For data with even larger individual variation, the CP models might not be able to separate the groups. The failure results from (i) the individual variation dominating the variance, see for example Additional file 1: Fig. S6, where the level of the individual variation is equal to the induced variation ($\beta =\alpha =0.50$), (ii) the limited number of subjects with the possibility of having one or two subjects showing idiosyncratic behavior (see the profiles for BPG in Additional file 1: Fig. S6a) and thus extracting commonality becomes challenging. Indeed, when the number of subjects is larger (see Additional file 1: Fig. S7), the 3-component CP model which explains 66.56% of the data can capture the main change (decrease of VmaxPFK) in the data and separate the normal and abnormal_VmaxPFK subjects successfully even for $\beta =\alpha =0.50$. Idiosyncratic behavior has become more common, thereby facilitating the modeling.

Dataset with two sources of induced variations We consider the data generated with the individual variation at level $\beta =0.02$ and two sources of induced variation as 50% decrease of the default value for VmaxPFK and 50% decrease of the default value for VmaxPYK. Table 3 indicates using a 2-component CP model which explains 88.68% of the data.

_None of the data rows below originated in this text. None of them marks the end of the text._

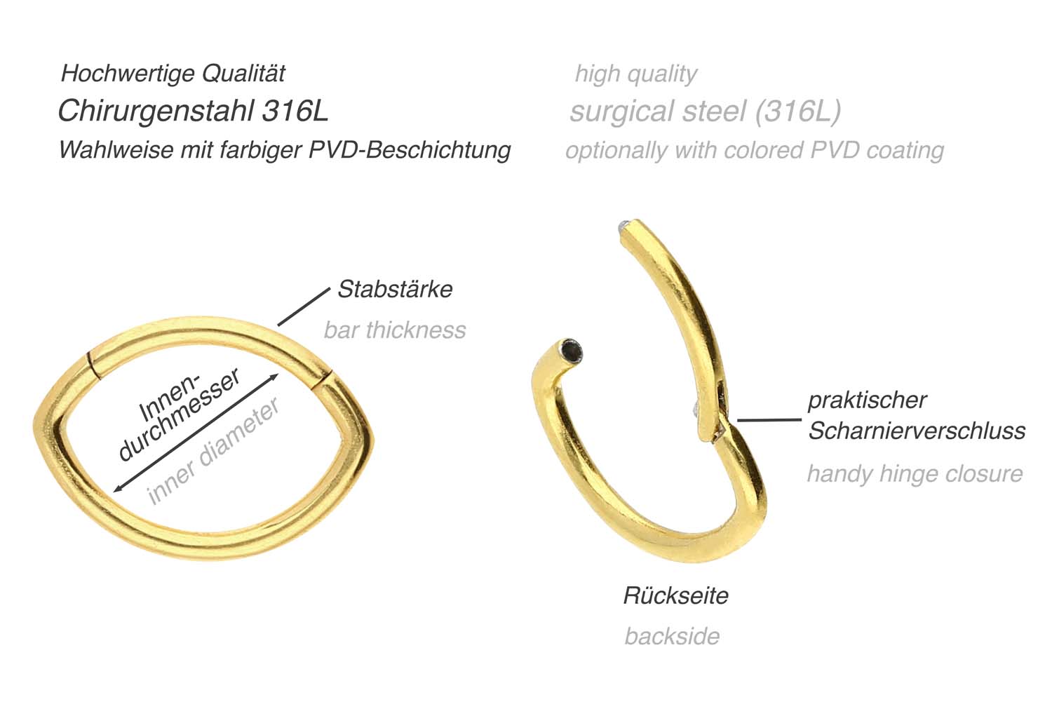 Easy handling and gorgeous design – that is what our clickers are all about! The main feature of the clickers is the practical hinge, which simplifies the piercing's insertion. The material used for manufacturing (surgical steel 316L) is characterized by its flatness and high quality. Depending on the desired color the piercing is covered with a scratch-resistant PVD coating. The extraordinary oval shape gives the piece of jewelry that certain something. Whether at the ear, the nose or the lip – our clickers are suitable for a variety of different piercing locations.Material: surgical steel 316L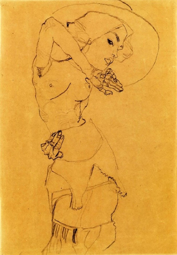 Egon Schiele – Stehender Akt mit Hut Große (Standing Nude with Large Hat), model Gertrude Schiele, 1910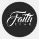 Visual wordplay text design with the first line in a strong beautiful font printed in bold above the second line of small wide-spaced letters. Keep the inspirational saying 'Faith Over Fear' for a gift of encouragement, or use the text template to create a new inspiring quote. Edit to change the white text and black background to any colour you wish. ♡ Idyllfire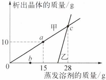 8. 20℃时,将一定质量的甲、乙两种溶液进行恒温蒸发,蒸发溶剂的质量与析出晶体的质量关系如图所示(图中两线相交于c点)。下列分析错误的是(

Table 3 Explained variance (fit), core consistency (CC), Tucker’s congruence coefficient (TC), cosine similarity score of the first two components ($C_{12}$) in the subjects mode and number of components (R) for CP models used to analyze the data generated by the glycolysis model with two sources of induced variation as 50% decrease of VmaxPFK and 50% decrease of VmaxPYK as well as individual variation at level $\beta =0.02$

Full size table

From the first component in the metabolites and time mode (see Fig. 7b), we observe that metabolites GLCi, G6P, F6P, FBP, TRIO, BPG, PYR and ACE have large absolute coefficients and the dynamics in most of these metabolites, shown in Fig. 7a, are captured. Besides, the blue lines are separable from the other lines in these metabolites as shown in Fig. 7a. This is consistent with the observation that the first component in the subjects mode (Fig. 7c) separates the abnormal_VmaxPFK subjects from the others. Moreover, we observe a jump change between metabolites F6P and FBP and also between PEP and PYR, which is in accordance with the switch of the blue lines with the other lines in Fig. 7a due to the decrease of VmaxPFK and the feed-forward control loop. These observations are similar to what have been noticed in Fig. 5a, b for the glycolysis model with one source of induced variation. From the second component in the metabolites and subjects mode (see Fig. 7b, c), we see that metabolites P3G, P2G and PEP have large scores, and the three types of subjects can be separated from each other. This makes sense since different colors of lines are separable in metabolites P3G and P2G, as shown in Fig. 7a. Moreover, we observe a jump change between metabolites PEP and PYR on this component in the metabolites mode. This is compliant with the switch of the green lines with the other lines shown in Fig. 7a and it is due to the reduction of VmaxPYK. In the time mode, we observe that the dynamics shown in metabolites P3G and P2G are captured by the second component.

Cholesterol model

Dataset with one source of induced variation We consider the data with the induced variation as mutant1 and the individual variation at level $\beta =0.02$. Temporal profiles of the preprocessed data are shown in Fig. 8a. Additional file 1: Table S2 indicates using a 2- or 3-component model, and rank deficiency is observed in the subjects mode for CP models with both two and three components.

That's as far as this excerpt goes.